PADRI SCIENZIATI USANO I PROPRI FIGLI COME CAVIE
DAGLI STATI UNITI L’ULTIMA FOLLIA: IL NEUROLOGO CHE CONCEPISCE IL FIGLIO PER STUDIARLO… ALTRI CHE SOTTOPONGONO I PICCOLI A STIMOLI PER REGISTRARNE LE REAZIONI. …PICCOLE CAVIE PER IL DELIRIO DELLA SCIENZA
E’ il sogno di ogni scienziato: avere a disposizione una cavia docile, 24 ore su 24, soprattutto alla luce del calo dei fondi a disposizione per la ricerca.
Più di ricercatore americano ha deciso così di compiere esperimenti su un figlio cavia, anche se con tutte le cautele del caso (almeno si spera), suscitando grande preoccupazione tra gli esperti di etica. Pochi giorni fa il New York Times riportava la notizia che un neuroscienziato del Massachusetts Institute of technology, tale Pawan Sinha, avrebbe sconvolto le coppie presenti al corso prenatale del figlio annunciando: “Non vedo l’ora che nasca per poterlo studiare”, il piccolo Darius sarebbe così diventato il manifesto vivente della ricerca padre-bambino.
Ma non si tratta di un caso raro. La dottoressa Linebarger, direttrice del Dipartimento di sviluppo psicologico dei bambini presso l’Università della Pennsylvania, sta registrando ciò che succede ai suoi quattro figli.
E dichiara che non tutti collaborano: ” Mia figlia Callie aveva solo 18 mesi quando ha cominciato ad opporsi. Era diventata molto perspicace nel distinguere ciò che le chiedevo come mamma da ciò che chiedevo come ricercatrice. Un giorno, dopo che aveva deciso di non voler più collaborare, mentre si era in pizzeria, le ho fatto una domanda professionale e lei mi ha fatto una smorfia di risposta. Mi ero illusa che il nostro rapporto fosse splendido, ma da allora ho delegato la ricerca ai miei collaboratori”.

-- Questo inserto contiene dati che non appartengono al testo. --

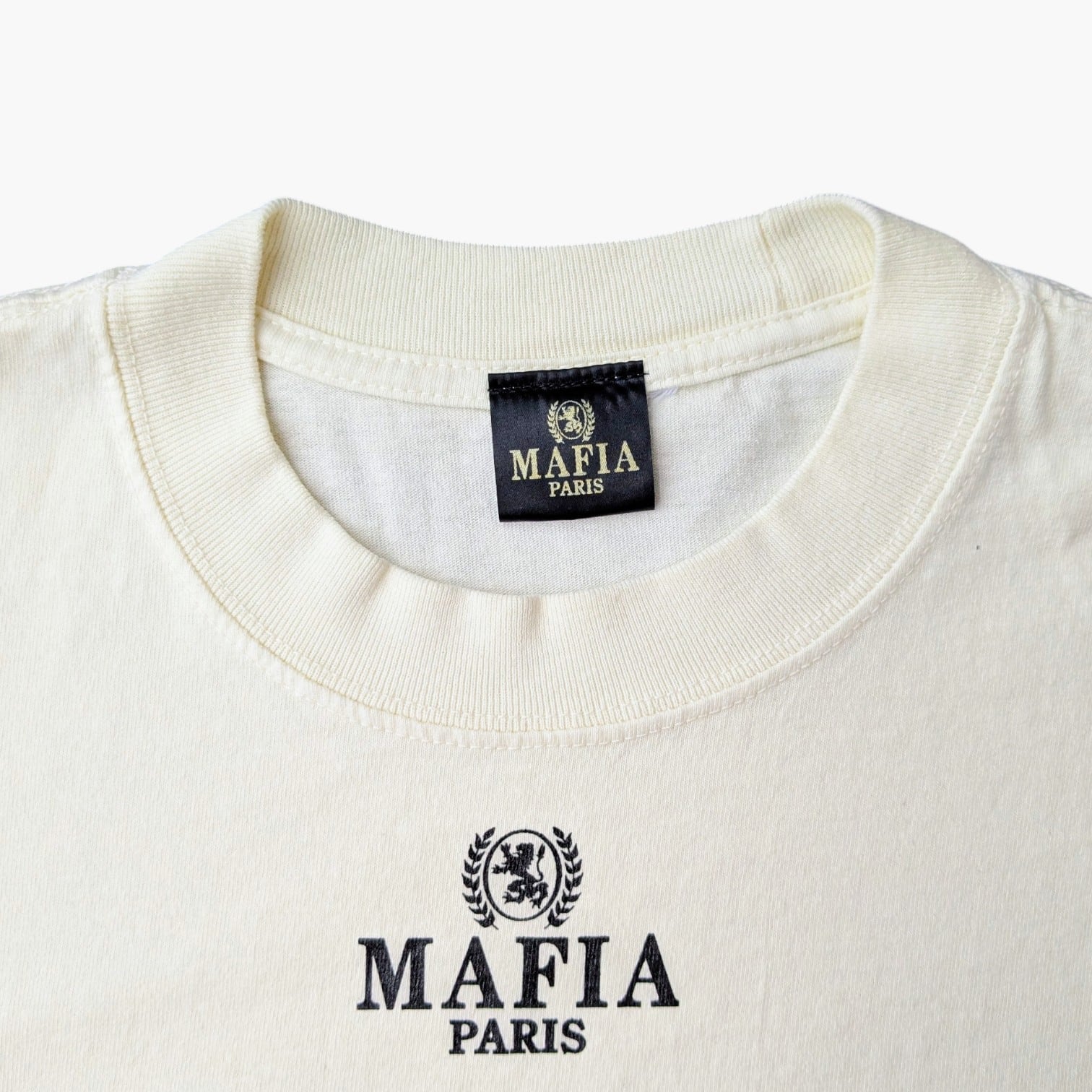 襟下の「MAFIA PARIS」のレタリングが胸元から高級感なアクセントをプラス。

Sorgono domande a livello etico sull’uso dei figli cavia da parte di molti genitori scienziati: Robert Nelson, direttore del Centro di Ricerca sull’integrità a Philadelphia, osserva: ” Il ruolo del genitore è di proteggere il proprio bambino, una madre o un padre ricercatori creano un conflitto di interesse che distorce il rapporto genitori-figli.
Arthur Toga, neurologo dell’Università della California, ha sottoposto i propri tre figli a un ciclo di risonanze magnetiche per studiare il funzionamento del cervello. Molti colleghi gli hanno detto che avrebbe dovuto vergognarsi per il rischio fatto correre ai bambini, ma per lui è una cosa normalissima.
Il figlio del prof Deb Roy invece, anche lui del Mit di Boston, è stato spiato per tre anni all’interno di una ricerca che mirava a capire i diversi stadi di apprendimento nel camminare e nel parlare.
Per ottenere il risultato sperato ha disseminato la casa di 11 videocamere e 14 microfoni, collezionando 250mila ore di registrazione.
In passato figli di ricercatori sono stati sottoposti ad esperimenti che oggi verrebbero definiti contro l’etica professionale.
All’inizio degli anni ’50, ad es., Jonas Salk iniettò ai propri figli il siero sperimentale del vaccino contro la polio.
Ci si chiede: a fronte di pochi ricercatori che rendono pubbliche le loro indagini sui figli, quanti sono coloro che lo fanno di nascosto, al fine di evitare richiami a codici etici comportamentali? Quanti saranno realmente i bimbi in tenera età che devono subire le attenzioni scientifiche di genitori la cui ambizione e megalomania li porta a dimenticare l’amore per i propri figli?
Fino a che punto è lecito che la scienza si spinga a queste “aberrazioni etiche”?
Siamo di fronte forse all’ultima follia, ma fa pensare che il fenomeno sia sempre meno un’eccezione sul fronte alla ricerca.
Si cerca qualcosa di sempre più ambizioso per il proprio ego e si perde sempre più di vista il significato e il rispetto della vita umana e il ruolo del genitore.